American musician (1944–2019)

Karen Sue "Casse" Culver (March 7, 1944 – December 4, 2019) was an American folk singer and songwriter in the women's music genre.

==Early life and education==
Culver was born in Bethesda, Maryland, the daughter of Ronald H. Culver and Thyra Marjorie Ferguson Culver. Her father was an electrical engineer and her mother was a beautician. She attended St. Mary's College of Maryland. In the 1980s, she took a course of Bible study at the Way of Faith Christian Institute in Virginia. Her older brother Donald M. Culver was president of the Gay Restaurant Owners of Washington.

==Career==
Culver began singing and playing guitar as a busker in the late 1960s. She had a record contract in 1971, and recorded an unreleased album. Culver played her "very personal, folk-sounding music" at women's music festivals, and toured nationally in the 1970s. Susan Abod performed with Culver in concerts, and on Culver's album 3 Gypsies (1976). She and Boden Sandstrom began a sound company, Woman Sound, in 1975.

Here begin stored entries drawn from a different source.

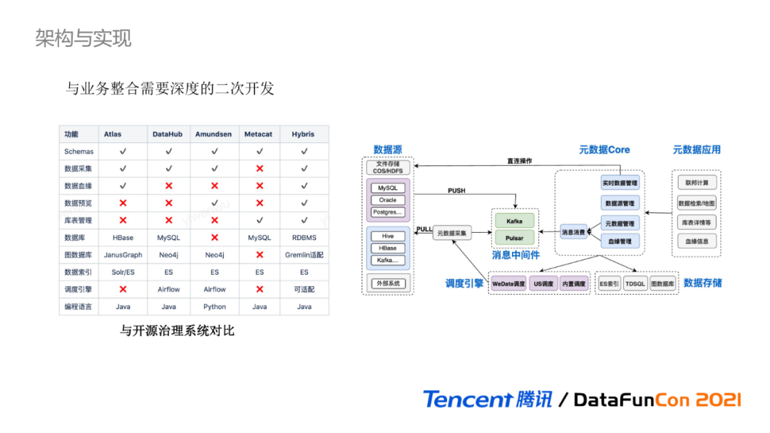 下表展示了各个开源系统与腾讯元数据治理功能的对比,其中腾讯元数据的项目代号为Hybris,可以看出腾讯统一元数据已具备丰富的数据治理能力。除功能的完整性对比外,按照我们的以往经验,开源的数据治理系统在实际业务中很难直接的使用起来,因为数据治理是与业务领域和形态密切相关,直接使用具有一定抽象性且通用的开源系统,只能获取比较基础的数据治理能力,很难得到业务相关的数据价值。若与业务结合,则需要对开源系统进行深度改造的二次开发,因此在数据治理部分我们也选择完全自研。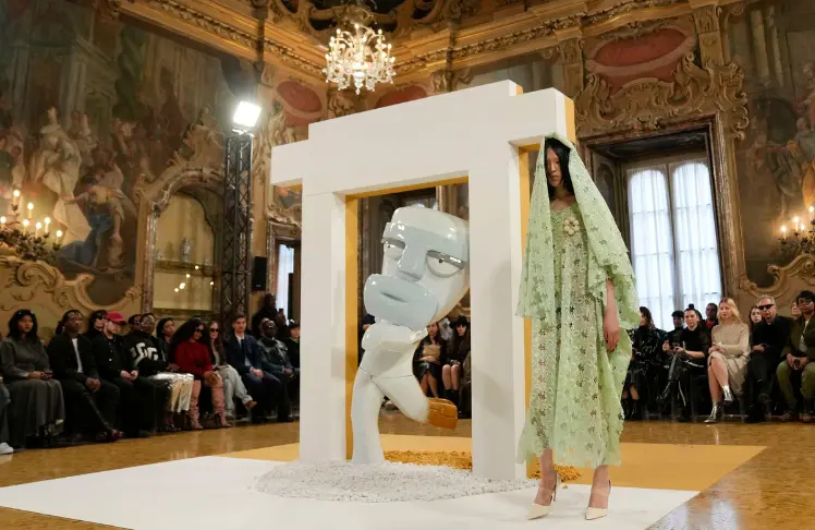 If the mix seems incongruous, then consider the objective achieved. The character forms part of an installation by Lagos-based artist Yusuff Aina, commissioned by designer Iniye Tokyo James for his Fall-Winter 2024 fashion show “Expansion,” held in the space on Saturday. In partnering on the project, the pair sought to challenge the traditional stereotype about the styles of art and fashion that come from their native Nigeria.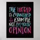 The world is changed by your example not opinion. Inspirational and motivational quote design for those who stand up for equality, choose love over hate and hope for a better world. Inspiring positive saying merchandise for anti-racism and anti-bullying. Uplift and inspire people to be positive, be kind, brave and have the courage to speak up. Always choose kindness, stop hate and stop being racist. Retro and distressed typography design to celebrate life, humanity and honor our differences.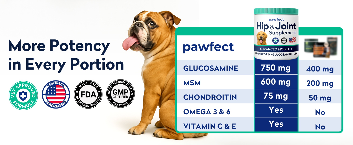 PAWFECTCHEW Pawfect Mobility Glucosamine Chews for Dogs - Hip & Joint Health Supplement Chews w/Omega-3, Chondroitin, MSM - Made in USA - Joint Pain Relief - Hip & Joint Care - 120ct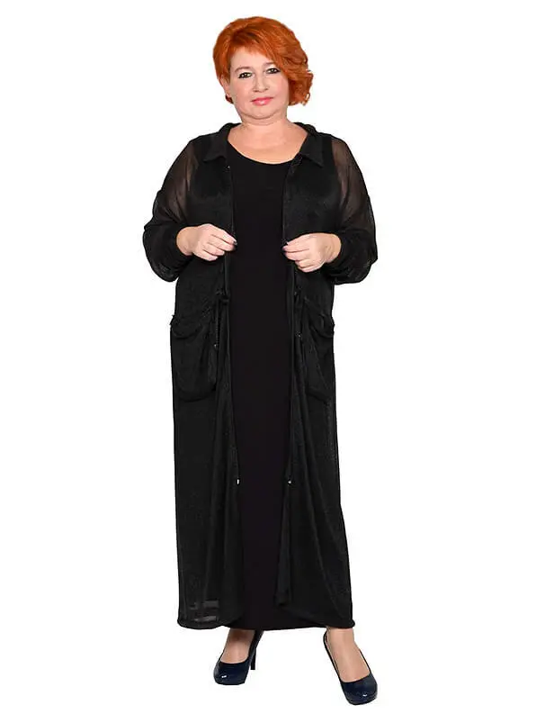 Накидка из трикотажного полотна сетка. Состав пэ 95%, эластан 5%. Модель с карманами, по талии кулиса Ткань не мнется, не колется, приятная к телу. Платье-майка из трикотажного полотна масло. Состав пэ 100%. Ткань не мнется, приятная к телу. Летом хорошо дает ощущение прохлады.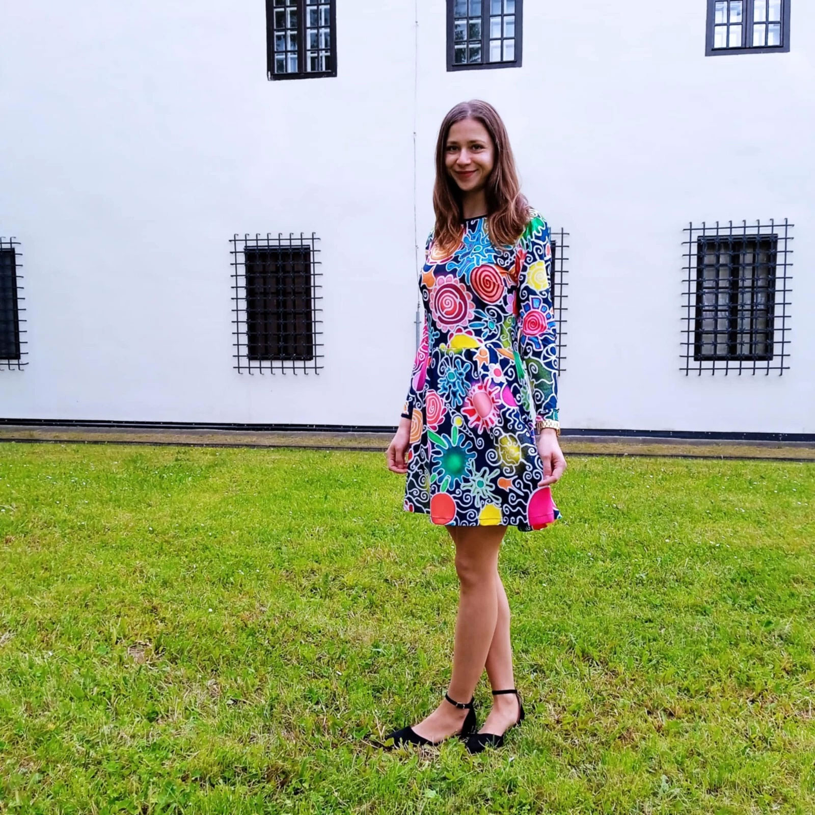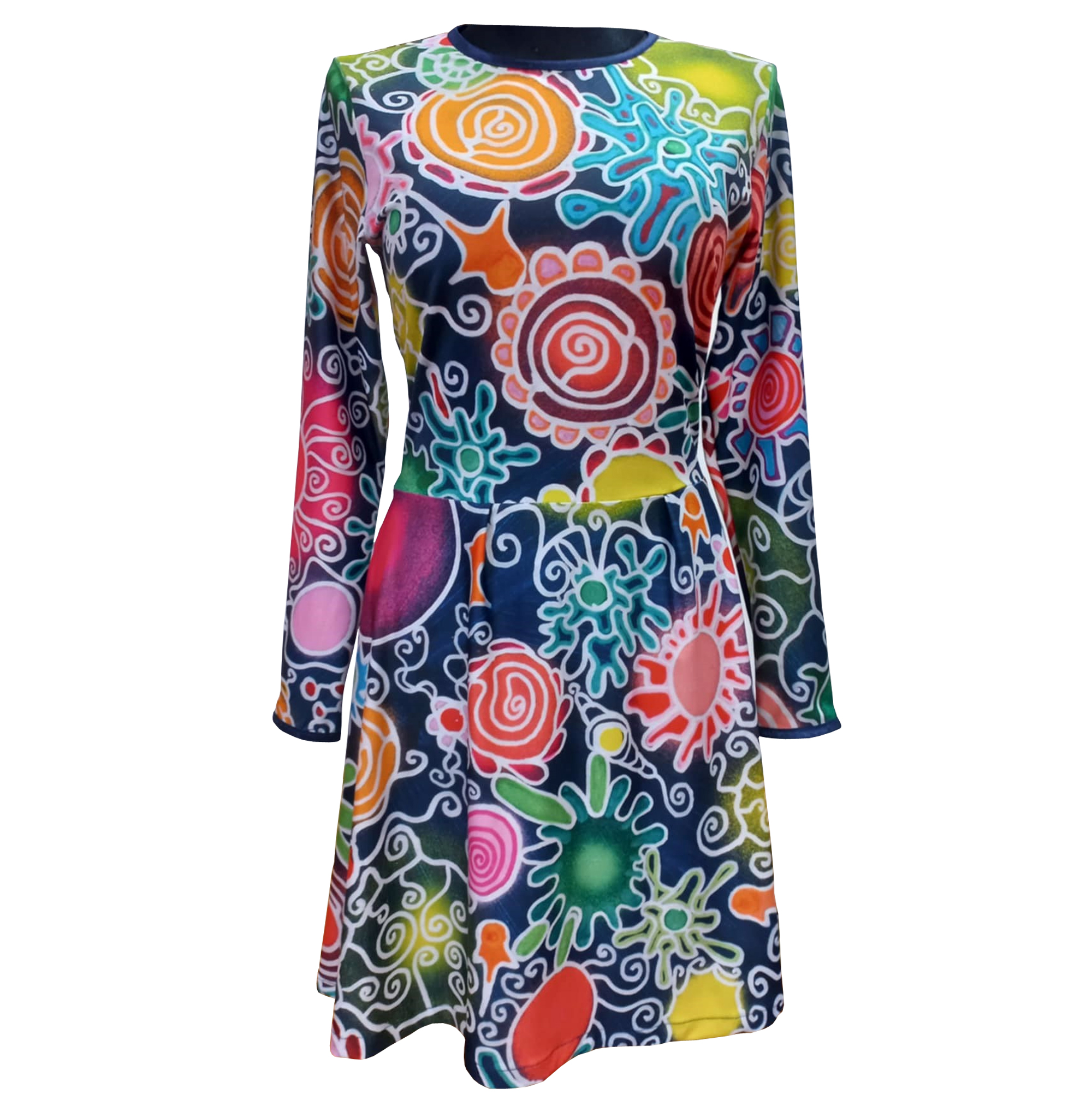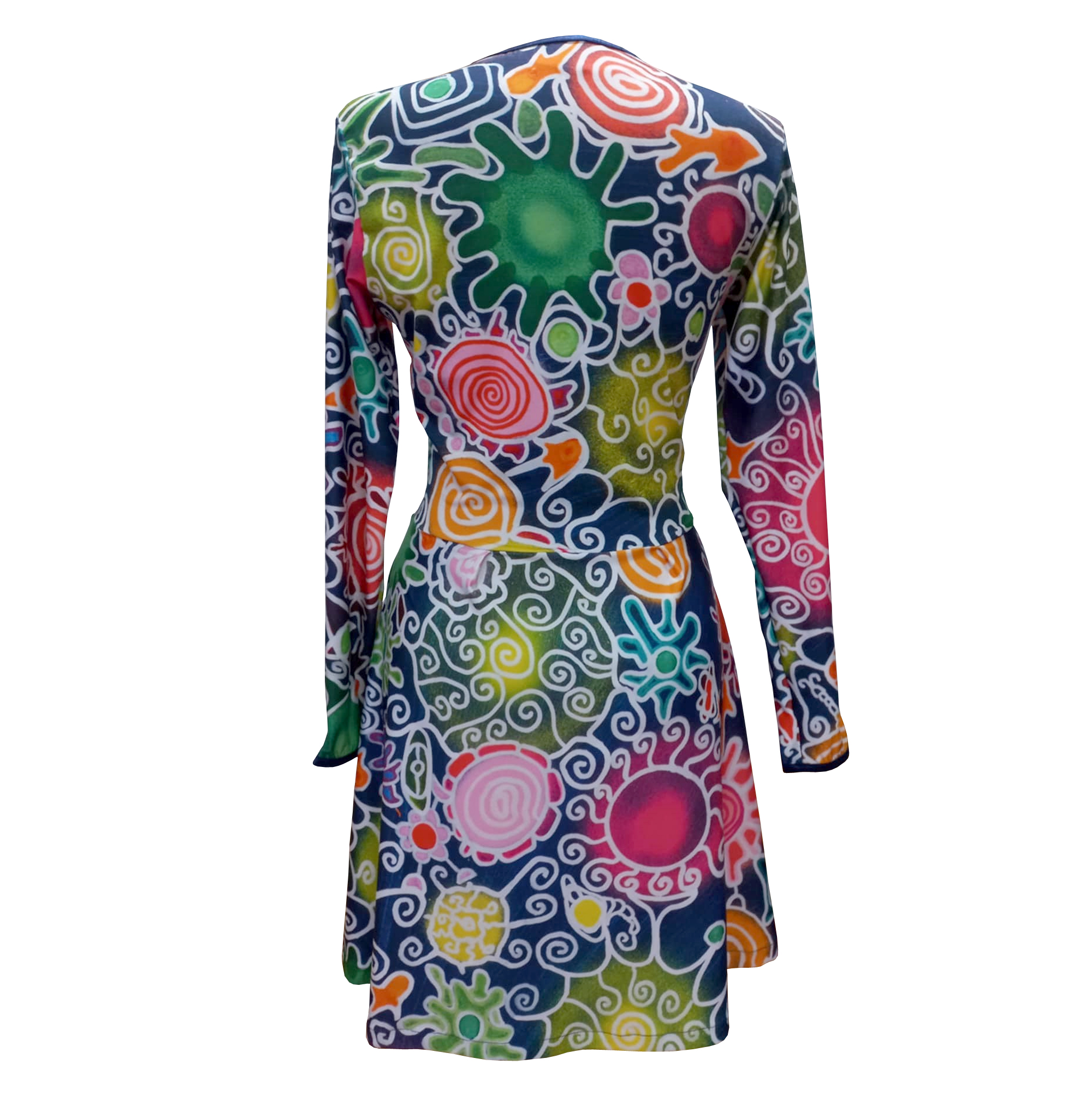 Zažite vášeň a originalitu v šatách z nekrčivého úpletu s rukávmi a krátkou sukňou. Ich vzor vám dodá energiu a farby, ktoré tancujú, vytvoria váš vlastný svet fantázie.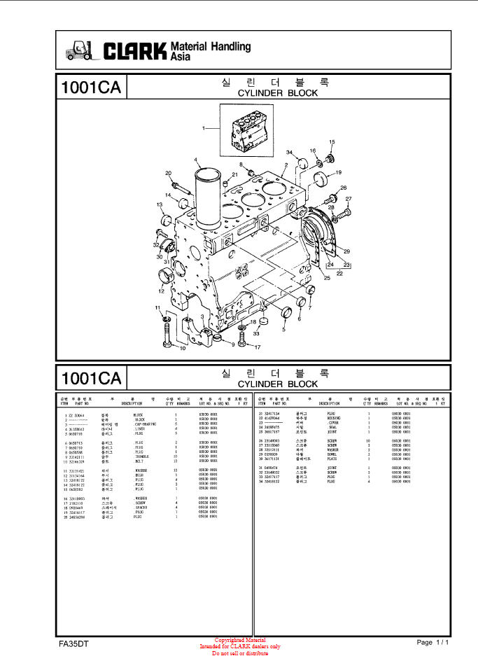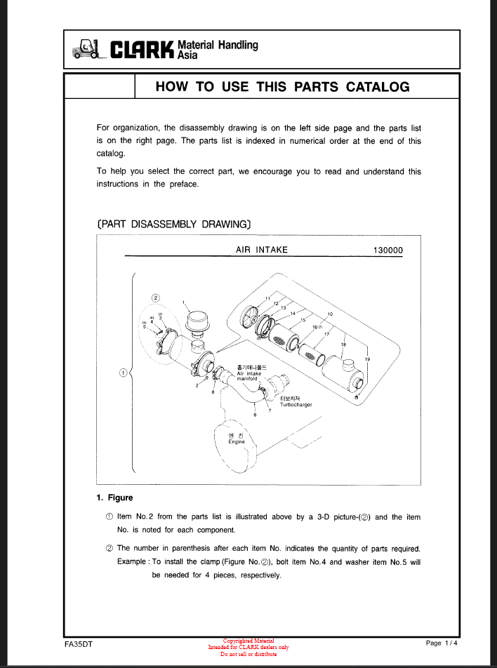 Clark FX353, FX403, FX453D, SF35, SF40, SF45D Forklift Parts Manual (FA35DT)

Beyond music, Culver was an organic gardener in Woodstock, New York, in the late 1960s, and ran a garden and landscaping service in the 1980s. She enjoyed doing home renovation projects, and was a house manager for a group home in Washington, D.C. In the 1980s, she taught at a church, Hear and Be Healed Ministries, and was known as "the Rev. Elder Casse Culver" by the early 1990s.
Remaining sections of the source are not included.